Answer
Vertex: $(1,1)$
Opening: up
Shape: narrower
Vertical Axis
Discriminant: -12
Number of $x$-intercepts: 0
Work Step by Step
To find the vertex, the given function, $
f(x)=3x^2-6x+4
,$ should be converted in the form $f(x)=a(x-h)^2+k$.
Grouping the variables together and making the coefficient of $x^2$ equal to $1$, the given function is equivalent to
\begin{align*}
f(x)&=(3x^2-6x)+4
\\
f(x)&=3(x^2-2x)+4
.\end{align*}
Completing the square of the expression with variables by adding $\left(\dfrac{b}{2}\right)^2,$ the expression above is equivalent to
\begin{align*}
f(x)&=3\left(x^2-2x+\left(\dfrac{-2}{2}\right)^2\right)+\left[4-3\left(\dfrac{-2}{2}\right)^2\right]
\\\\
f(x)&=3\left(x^2-2x+1\right)+\left[4-3\right]
\\
f(x)&=3\left(x-1\right)^2+1
.\end{align*}Note that $\left[a\left(\dfrac{b}{2}\right)^2\right]$ should be subtracted as well to negate the addition of that value when completing the square of the expression with variables.

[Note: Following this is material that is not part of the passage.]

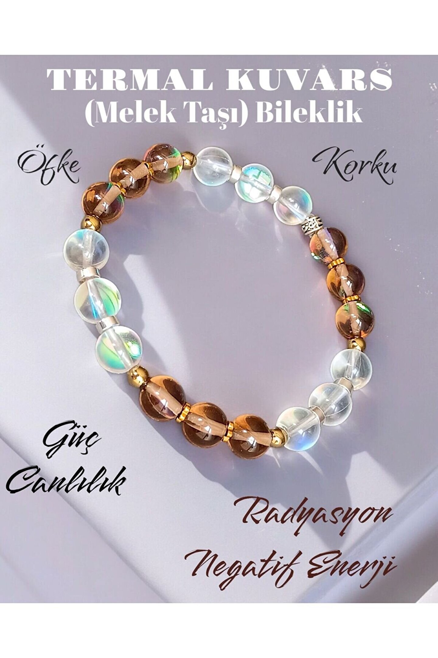 Doğal taş termal kuvars bileklik, doğanın güzelliğini bileğinize taşır. Bu bileklik, her zaman şık ve doğal bir görünüm sunar.; Doğal taş kullanımı sayesinde her biri benzersiz ve özgün bir tasarıma sahiptir. Bu bileklik, kişisel tarzınızı yansıtırken doğanın enerjisini de yanınızda taşımanızı sağlar.; Termal kuvars, negatif iyonları nötralize ederek stresi azaltmaya yardımcı olur. Bu sayede gün boyu kendinizi daha sakin hissedersiniz.; Bijuteri takım olarak tasarlanan bu bileklik, gündelik kullanımdan özel davetlere kadar her ortamda rahatlıkla tercih edilebilir. Şık tasarımıyla dikkat çekerken doğal dokusuyla da fark yaratır.; Doğal taş termal kuvars bileklik, uzun ömürlü kullanımı sayesinde yatırımınızın karşılığını almanızı sağlar. Her kullanımda doğanın enerjisini yanınızda hissetmek istiyorsanız bu bileklik tam size göre!;

Since the vertex of the quadratic function $f(x)=a(x-h)^2+k$ is given by $(h,k)$, then the vertex of the quadratic function above is $
(1,1)
$.
In the equation $
f(x)=3\left(x-1\right)^2+1
,$ the squared variable is $x.$ Thus, the parabola opens up or down. With $a=3$ (greater than zero), then the parabola opens up.
With $a=3$ (greater than $1$), then the shape of the parabola is narrower than $y=x^2$.
Since $x$ is the squared variable in the equation, then the parabola has a vertical axis. Using $b^2-4ac$ to find the number of $x$-intercepts, with $a=
3
$, $b=
-6
,$ and $c=
4
,$ then
\begin{align*}
b^2-4ac&\Rightarrow
(-6)^2-4(3)(4)
\\&=
36-48
\\&=
-12
.\end{align*}
With a discriminant that is less than zero, then the parabola does not have $x$-intercepts.